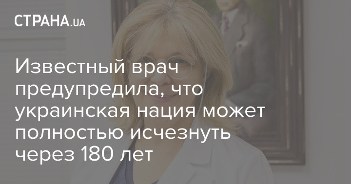 "Если всё будет двигаться по такой модели, то, не считая цифры потерь на войне и эмиграции, украинская нация обнулится через 180 лет. Останется 0 украинцев", - сказала она.
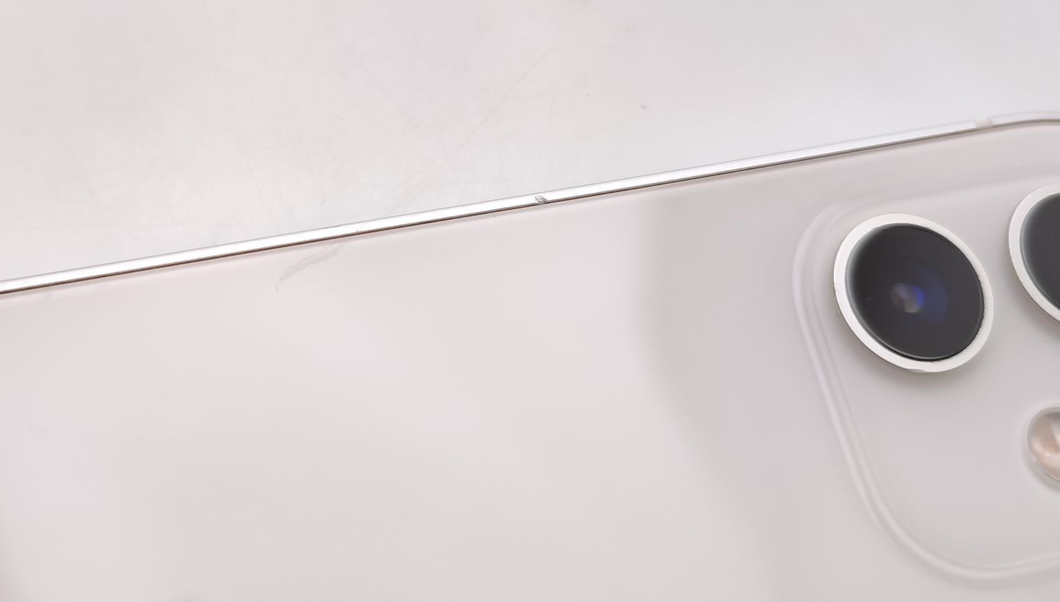 (背面パネルに目立つスリ傷が複数あり、背面カメラ撮影時に小さく薄い黒点が映り込みます。
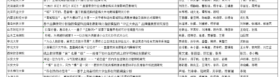 大赛201911月启动到20208月结束,历经层层选拔。国赛一等奖两项作品取题分别是“‘为众人抱薪者,莫使之冻毙于风雪’太原市公立医院职业压力、职业焦虑与社会支持体系调查”, 以及“小屏幕打开大市场,直播间点亮‘云经济’——直播带货消费驱动与障碍研究”。今年我校参加省赛的13项作品,有7项获省赛一等奖,4项获省赛二等奖,三等奖2项,推荐国家三等奖6项。

-=-=-

Assignment: Give back all the material exactly, with no pictures.

Written solution:
 "Если всё будет двигаться по такой модели, то, не считая цифры потерь на войне и эмиграции, украинская нация обнулится через 180 лет. Останется 0 украинцев", - сказала она.
 (背面パネルに目立つスリ傷が複数あり、背面カメラ撮影時に小さく薄い黒点が映り込みます。
 大赛201911月启动到20208月结束,历经层层选拔。国赛一等奖两项作品取题分别是“‘为众人抱薪者,莫使之冻毙于风雪’太原市公立医院职业压力、职业焦虑与社会支持体系调查”, 以及“小屏幕打开大市场,直播间点亮‘云经济’——直播带货消费驱动与障碍研究”。今年我校参加省赛的13项作品,有7项获省赛一等奖,4项获省赛二等奖,三等奖2项,推荐国家三等奖6项。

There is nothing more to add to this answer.